Yes, first stage is log shipping. Second stage is either physical or
logical apply.

-- Simon Riggs           www.2ndQuadrant.comPostgreSQL Training, Services and Support

Re: Transaction-controlled robustness for replication

From

Bruce Momjian

Date:

12 August 2008, 12:52:02

Simon Riggs wrote:
> We can generalise this as three closed questions, answered either Yes
> (Synchronous) or No (Asynchronous)
> 
> * Does WAL get forced to disk on primary at commit time?
> * Does WAL get forced across link to standby at commit time?
> * Does WAL get forced to disk on standby at commit time?
> 
> In code, these are simple if tests: Do we wait, or not?
> 
> We could represent this with 3 parameters:
> synchronous_commit = on | off
> synchronous_standby_transfer = on | off
> synchronous_standby_wal_fsync = on | off
> 
...
> Or we could use just two parameters:
> synchronous_commit = on | off
> synchronous_replication = 'AA', 'SA' or 'SS'
>   with A = Asynchronous, S = Synchronous 
>   which corresponds with DRBD's algorithms like this
>     DRBD A = AA
>     DRBD B = SA
>     DRBD C = SS
> 
> Or we could use just a single parameter
> synchronous_commit = 'AAA', 'SAA', 'SSA', 'SSS' or on |off when no
> log-based replication is defined

First, I love this kind of control.

Second, I think our current control for the main/master are sufficient
that we don't need to add additional variables for this, so we can focus
just on whether we wait for the slave.

Third, we can control whether the slave WAL fsync's by setting things on
the slave, so I don't think we need a master setting for that.

Fourth, I don't think the boolean idea will work because there are
boolean combinations that are illogical, like having
synchronous_standby_transfer off and synchronous_standby_wal_fsync on.

I think you need to make it an enumerated type like log_min_messages; 
something like:
wal_transfer_wait

with values of:
nothing:    have network traffic send WAL as needednetflush:    wait for flush of WAL network packets to slaveprocess:
 wait for slave to process WAL traffic and        optionally fsync

The 'process' option either waits for fsync on the slave or not
depending on how the slave is configured, meaning you could use
synchronous_commit off to not wait for the fsync to disk.

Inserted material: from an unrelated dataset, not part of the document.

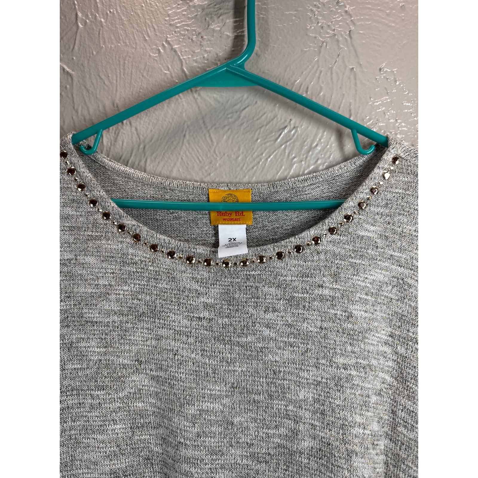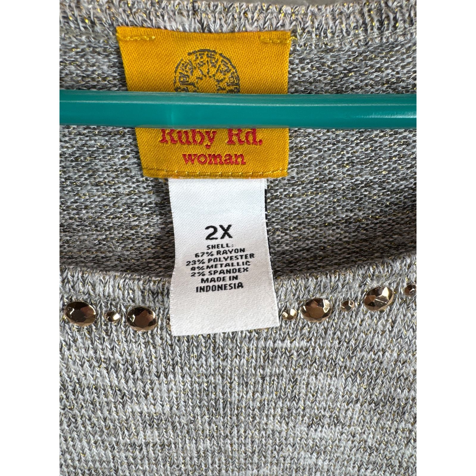 Ruby Rd Womens Hazel Twisted Front Sweater 3/4 Sleeve Embellished Size 2X
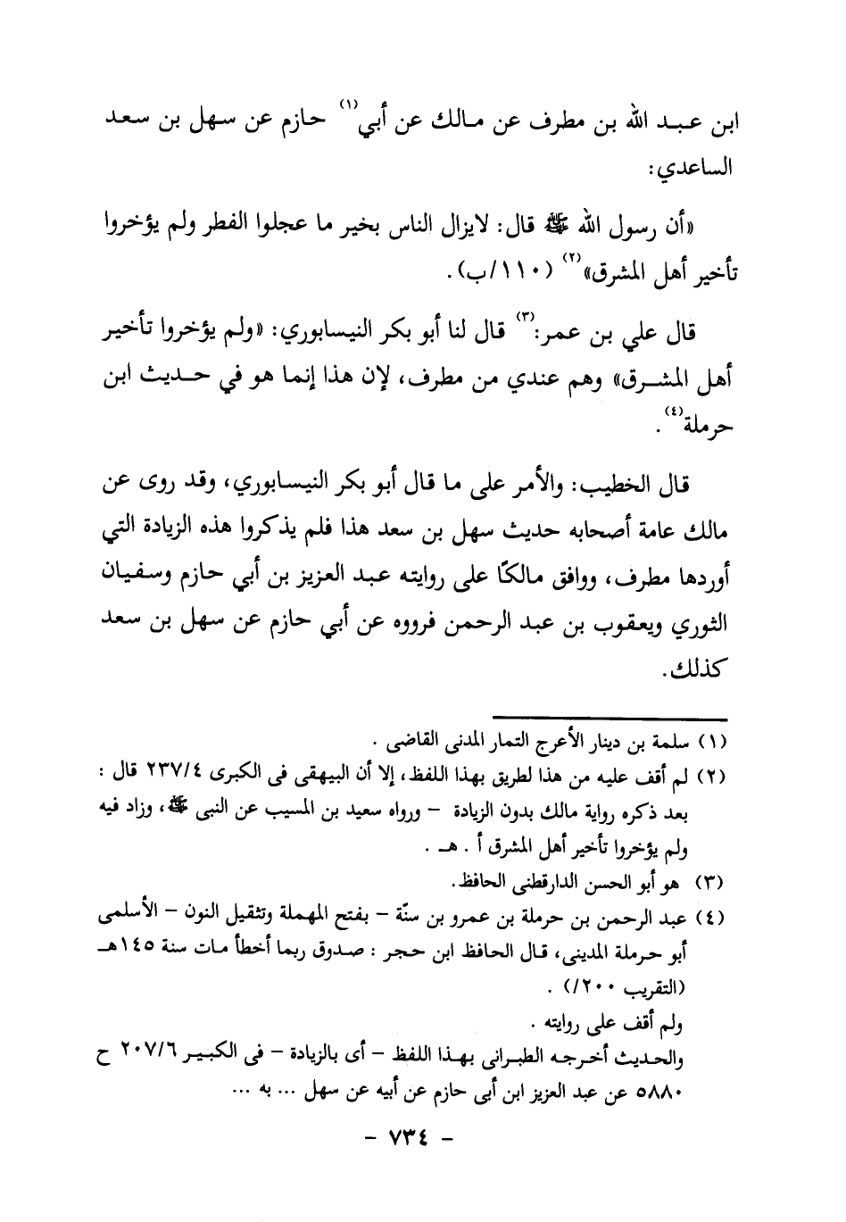 قَالَ عَلِيُّ بْنُ عُمَرَ3: قَالَ لَنَا أَبُو بَكْرٍ النَّيْسَابُورِيُّ: "وَلَمْ يُؤَخِّرُوا تَأْخِيرَ أَهْلِ الْمَشْرِقِ"، وَهُمْ عِنْدِي مِنْ مُطَرِّفٍ، لأَنَّ هَذَا إِنَّمَا هُوَ فِي حَدِيثِ ابْنِ حَرْمَلَةَ4.

I think we can add a table in the documention to show how to set things
up in postgresql.conf for async master and async slave, and other
combinations.

--  Bruce Momjian  <bruce@momjian.us>        http://momjian.us EnterpriseDB
http://enterprisedb.com
 + If your life is a hard drive, Christ can be your backup. +

Re: Transaction-controlled robustness for replication

From

Bruce Momjian

Date:

12 August 2008, 12:53:10

Simon Riggs wrote:
> 
> On Sat, 2008-07-26 at 10:17 +0200, Markus Wanner wrote:
> > What I still don't understand is, why you are speaking about
> > "logical" 
> > replication. It rather sounds like an ordinary log shipping approach, 
> > where the complete WAL is sent over the wire. Nothing wrong with
> > that, 
> > it certainly fits many needs and I welcome such a solution for
> > Postgres.
> 
> Yes, first stage is log shipping. Second stage is either physical or
> logical apply.

What is the attraction of logical application of the WAL logs? 
Transmitting to a server with different architecture?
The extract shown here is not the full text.